Harold Hall

Workshop Projects

Next, cut a strip of very thin card 1-1/8” wide and wrap this around the cylinder in the same way as the lagging will be and cut both ends against the cylinder's flat face. Compare the length of this with the lagging to determine how much will initially lap the end of the cylinder when fitted.


Place the lagging onto the cylinder with it overlapping at the end by 1/2 the difference in length and mark through the two holes at that end using a scriber. Having marked the end with marking blue will make the result more visible.


Drill and tap 8BA and fit one end using two screws and carefully wrap the lagging around the cylinder marking out the position for the other two screws. Now remove the lagging and drill and tap for these. Do mark the cylinder, and the inside of the lagging, in some way so that you know which way round to eventually assemble the parts.


Now fit the lagging using the four screws and you should find that it stands out at both ends and also the sides. This excess should then be removed on all edges by lapping the assembly on say 180 grit emery paper. Do during all these operations pay particular care not to damage the surface that will be visible in the final assembly.


Having spent some considerable time on machining the components do not rush the finishing stages as no mater how accurate you have made the parts it is the finishing that will make it look like a quality product.


Final Assembly

I do not intend to go into detail regarding final assembly as this is given on the drawings. I will though include a few pointers that may be of interest.


The drawings show that all the smaller studs are threaded from either end but those supplied are actually threaded over the full length. Obviously, avoiding the second operation was a time saver, understandable for something so small. This though has two aspects that effect the final assembly.

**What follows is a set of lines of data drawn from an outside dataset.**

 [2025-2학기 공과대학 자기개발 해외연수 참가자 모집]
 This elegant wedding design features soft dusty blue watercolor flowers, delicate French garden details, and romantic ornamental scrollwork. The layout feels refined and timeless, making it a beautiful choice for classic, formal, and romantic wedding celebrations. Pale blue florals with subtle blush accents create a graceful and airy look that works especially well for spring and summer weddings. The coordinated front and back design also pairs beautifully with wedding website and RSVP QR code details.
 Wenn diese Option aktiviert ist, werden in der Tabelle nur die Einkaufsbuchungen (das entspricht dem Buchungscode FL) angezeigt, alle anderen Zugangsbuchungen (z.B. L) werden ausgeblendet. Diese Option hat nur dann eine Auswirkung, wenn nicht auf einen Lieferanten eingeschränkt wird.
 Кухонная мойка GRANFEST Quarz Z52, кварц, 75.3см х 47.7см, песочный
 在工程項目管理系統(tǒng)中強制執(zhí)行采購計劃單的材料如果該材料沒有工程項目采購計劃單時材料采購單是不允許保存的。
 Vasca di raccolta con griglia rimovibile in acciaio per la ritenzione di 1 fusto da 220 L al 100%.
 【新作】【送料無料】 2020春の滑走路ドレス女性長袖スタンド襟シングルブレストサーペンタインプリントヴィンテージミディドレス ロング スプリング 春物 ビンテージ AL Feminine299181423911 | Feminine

1. The stud has one end domed but the other shows signs of it being parted off, obviously the domed end should be the one that is visible in the final assembly. If you want to go the extra mile you could consider polishing this end.

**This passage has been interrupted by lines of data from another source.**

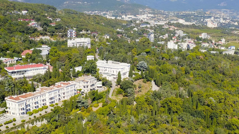 Ливадийский дворец - расположен на побережье Черного моря в деревне Ливадия, Ялтинская область Крыма, вид с воздуха
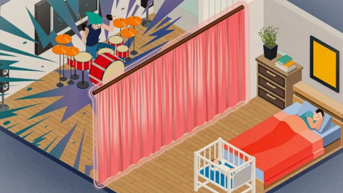 Первоначально такой подход оказался эффективным лишь в небольших помещениях. Для создания ткани, способной поглощать звук в масштабе полноценной комнаты, исследователи использовали иной метод. Вместо создания колебаний при прохождении тока по волокнам они сделали так, чтобы ткань оставалась полностью неподвижной под воздействием напряжения. Это превращает ткань в своего рода звуковой барьер, работающий как зеркало, отражающее звуки обратно к их источнику.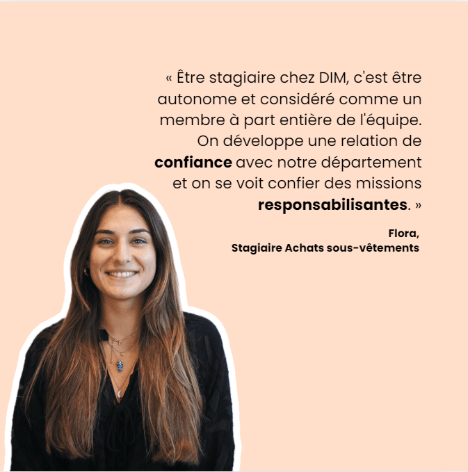 Lors de votre arrivée chez DIM en tant que stagiaire ou alternant, vous serez rapidement intégré(e) au sein de vos équipes et bénéficierez dès les premières semaines d'un large éventail de formations. Les managers accordent une grande autonomie, favorisant une relation de confiance qui se construit très rapidement. Par ailleurs, l’équipe RH organise régulièrement des événements dédiés à votre promotion, afin de renforcer les liens entre les différents secteurs et d'encourager les échanges. (afterworks dans Paris, activités, ateliers…) Tout au long de votre expérience dans la DIM family, vous serez accompagné par vos managers et l’équipe RH pour faire des points de suivi au sujet du bon déroulement de votre stage/alternance. Vous retrouverez  un ensemble de témoignages de nos anciens stagiaires qui expliquent leurs expériences et ce qui les a le plus marqué chez DIM. Vous pouvez également découvrir un ensemble de photos dans notre galerie média pour vous projeter dans l’expérience DIM.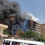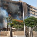علي الفور تم توجيه ١٠ سيارات اطفاء الى مكان البلاغ ، وتم اخلاء المبنى من الموظفين والمواطنين بعد ان تصاعدت الادخنة من داخل المبنى .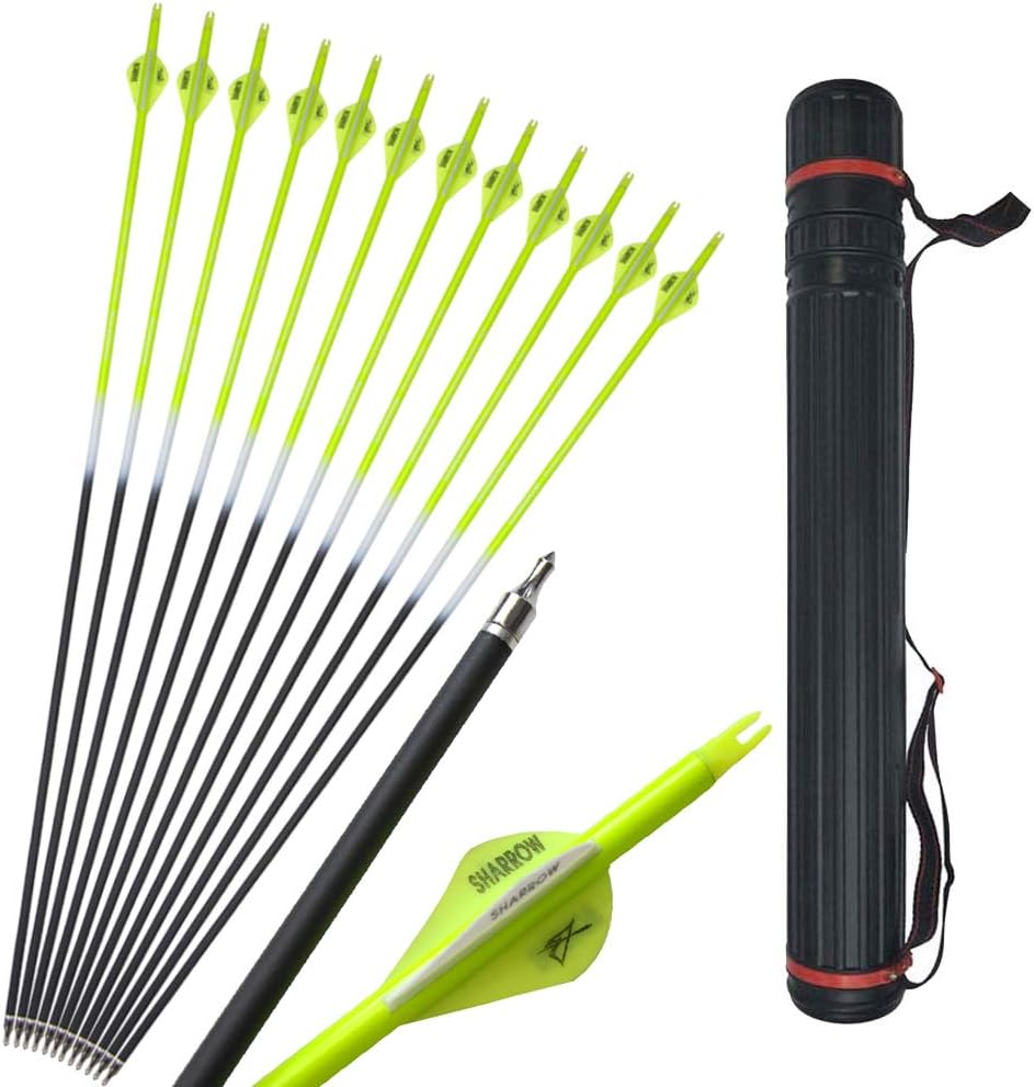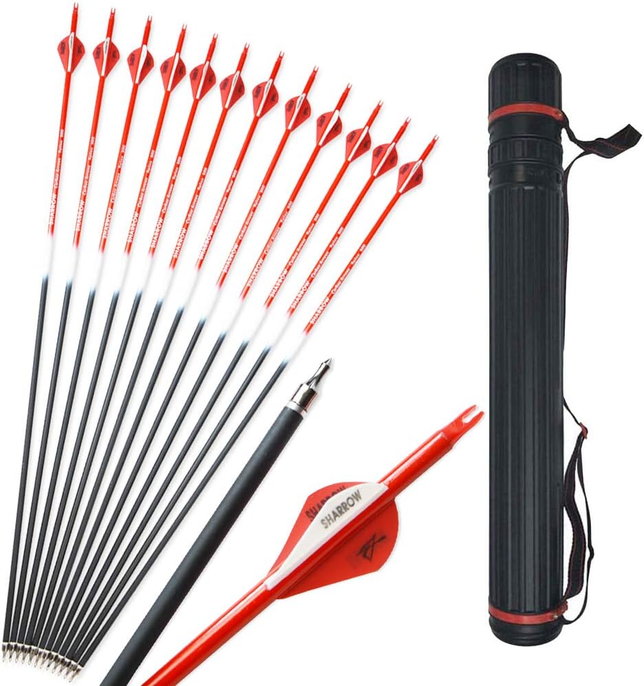 12pcs Archery Carbon Arrows Hunting Target Arrows Replaceable Steel Tips with Arrow Quiver for Recurve Bow and Compound Bow Spine 500
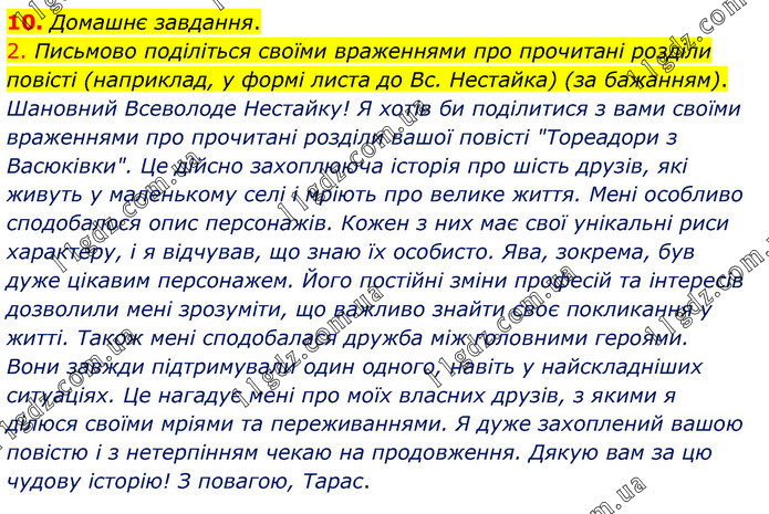 Домашнє завдання. 2. Письмово поділіться своїми враженнями про прочитані розділи повісті (наприклад, у формі листа до Вс. Нестайка) (за бажанням). Шановний Всеволоде Нестайку! Я хотів би поділитися з вами своїми враженнями про прочитані розділи вашої повісті "Тореадори з Васюківки". Це дійсно захоплююча історія про шість друзів, які живуть у маленькому селі і мріють про велике життя. Мені особливо сподобалося опис персонажів. Кожен з них має свої унікальні риси характеру, і я відчував, що знаю їх особисто. Ява, зокрема, був дуже цікавим персонажем. Його постійні зміни професій та інтересів дозволили мені зрозуміти, що важливо знайти своє покликання у житті. Також мені сподобалася дружба між головними героями. Вони завжди підтримували один одного, навіть у найскладніших ситуаціях. Це нагадує мені про моїх власних друзів, з якими я ділюся своїми мріями та переживаннями. Я дуже захоплений вашою повістю і з нетерпінням чекаю на продовження. Дякую вам за цю чудову історію! З повагою, Тарас.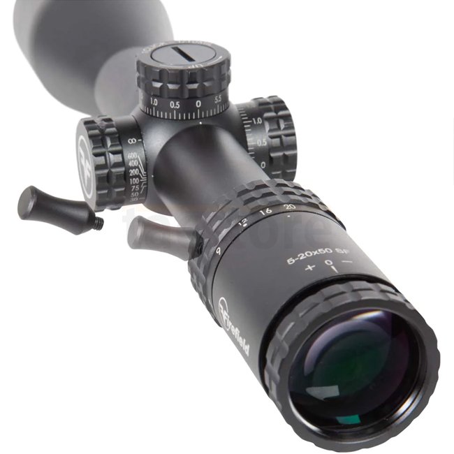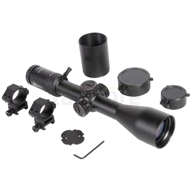 Magnification: 5-20x, Objective lens diameter: 50mm, Mil-Hash Reticle, Adjustment graduation: 1/10 MIL, Second Focal Plane, Aluminum material. Length: 310mm, Weight: 564g.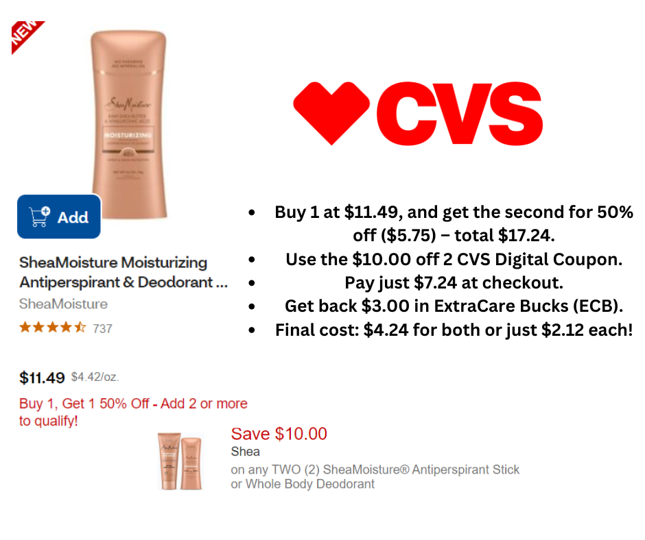 CVS Deal: SheaMoisture Antiperspirant & Deodorant Stick – BOGO 50% + ExtraCare Bucks!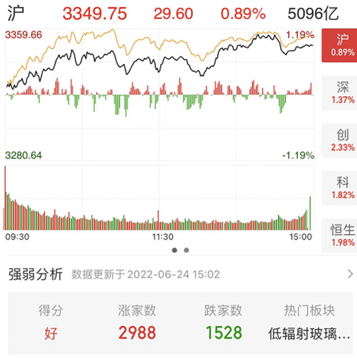 6月24日,大盘全天震荡上涨,创业板指领涨。截至收盘,沪指涨0.89%,深成指涨1.37%,创业板指涨2.33%。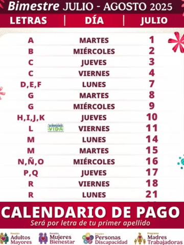 La Secretaría del Bienestar dio a conocer el calendario para los depósitos correspondientes al bimestre julio-agosto de la Pensión del Bienestar, el cual se realiza siguiendo un calendario establecido.

2. As the stud is threaded over its full length there is nothing to set the amount that it projects when the part it is clamping is placed over it. For the sake of appearance each stud should project from the nut on it by the same amount, this though can be quite difficult with parts that are so small.

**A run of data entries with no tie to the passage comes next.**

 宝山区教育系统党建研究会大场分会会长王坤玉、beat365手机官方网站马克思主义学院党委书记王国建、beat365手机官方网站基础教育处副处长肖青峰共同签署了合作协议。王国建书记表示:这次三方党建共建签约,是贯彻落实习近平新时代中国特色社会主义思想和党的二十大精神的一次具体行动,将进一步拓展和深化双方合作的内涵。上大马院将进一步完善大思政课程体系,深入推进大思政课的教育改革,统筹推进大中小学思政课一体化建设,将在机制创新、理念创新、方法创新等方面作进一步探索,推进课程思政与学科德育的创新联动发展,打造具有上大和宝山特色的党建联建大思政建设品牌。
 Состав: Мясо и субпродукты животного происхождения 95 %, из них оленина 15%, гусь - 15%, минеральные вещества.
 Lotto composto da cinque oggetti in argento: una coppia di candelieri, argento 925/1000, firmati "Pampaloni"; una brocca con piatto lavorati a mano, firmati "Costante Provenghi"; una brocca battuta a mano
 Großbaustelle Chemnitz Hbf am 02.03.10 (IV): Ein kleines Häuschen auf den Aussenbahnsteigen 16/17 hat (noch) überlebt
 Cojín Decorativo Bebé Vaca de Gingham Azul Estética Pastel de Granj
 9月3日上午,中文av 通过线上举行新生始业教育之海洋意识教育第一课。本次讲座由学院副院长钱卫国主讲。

The following will though eliminate the problem except for a few that are in inaccessible locations. Place a piece of 3/16” diameter steel in the three jaw and drill and tap 7BA, about 1/4” deep, then part of 3/16” long, using it as follows.


Place a nut onto one of the headed screws and screw this into the part just made. Then with the screw about one thread short of the end lock it in position with the nut. Next place a nut onto the domed end of the stud to be placed and screw this into the assembly using the nut to lock it in place, finger tight being adequate.


The stud can now be fully inserted using the assembly and the nut tightened using an open ended spanner and the setting assembly removed. If the extension appears too long or too short then the setting of the screw can be changed and the stud refitted. When acceptable then the remaining studs can all be fitted and having all the stud extensions identical will look acceptable, rather than untidy if they all differed.  


If, now that it is finally assembled, the engine is a little stiff to turn you could consider a further running in session as described earlier.